We will read in the same dataset as what we have in R, so instead of blanks, we'll get those `NA` values.

In [None]:
df = pd.read_csv("../data/ExtendedAttackData.csv")

The good news is that Python interprets those `NA` values as `NaN`, just as we want.

In [None]:
df.head(5)

Before performing any string imputation or column transformations, let's take `AttackType` and make it our label.  We'll also drop `malicious` from the feature set, as it won't be necessary.

In [None]:
y = df['AttackType']
x = df.drop(['AttackType', 'malicious'], axis=1)

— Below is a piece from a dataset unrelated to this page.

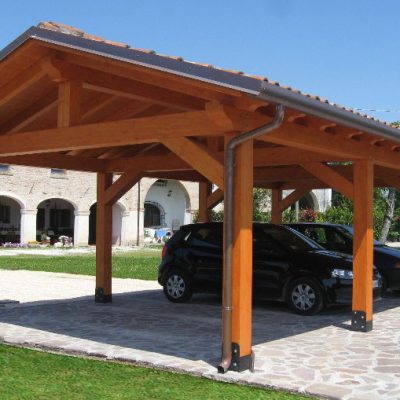 Barchessa struttura modulare con tetto a doppia pendenza in pino lamellare impregnato in autoclave.

Just as before, we'll create an ordinal encoder and transform string values into ordinals.  Then, we'll impute missing numeric values with the mean value.

In [None]:
string_cols = x.select_dtypes(include=[object]).columns.values
enc = OrdinalEncoder()
enc.fit(x[string_cols])
x[string_cols] = enc.transform(x[string_cols])

In [None]:
imp_mean = SimpleImputer(missing_values=np.nan, strategy='mean')
x[:] = imp_mean.fit_transform(x)

## K-Fold Cross-Validation

Before we fit our model and run test data against it, let's use a new function:  `cross_val_score()`, which performs k-fold cross-validation.  We'll split our data 10 ways (i.e., 10-fold) with the `RepeatedstratifiedKFold` class.  We do this three separate times with random subsets of the data and generate a value for accuracy for each split attempt.

In [None]:
clf = LogisticRegression(multi_class='multinomial', solver='lbfgs', random_state=106842, max_iter=1000)

In [None]:
cv = RepeatedStratifiedKFold(n_splits=10, n_repeats=3, random_state=1)
n_scores = cross_val_score(clf, x, y, scoring='accuracy', cv=cv, n_jobs=-1)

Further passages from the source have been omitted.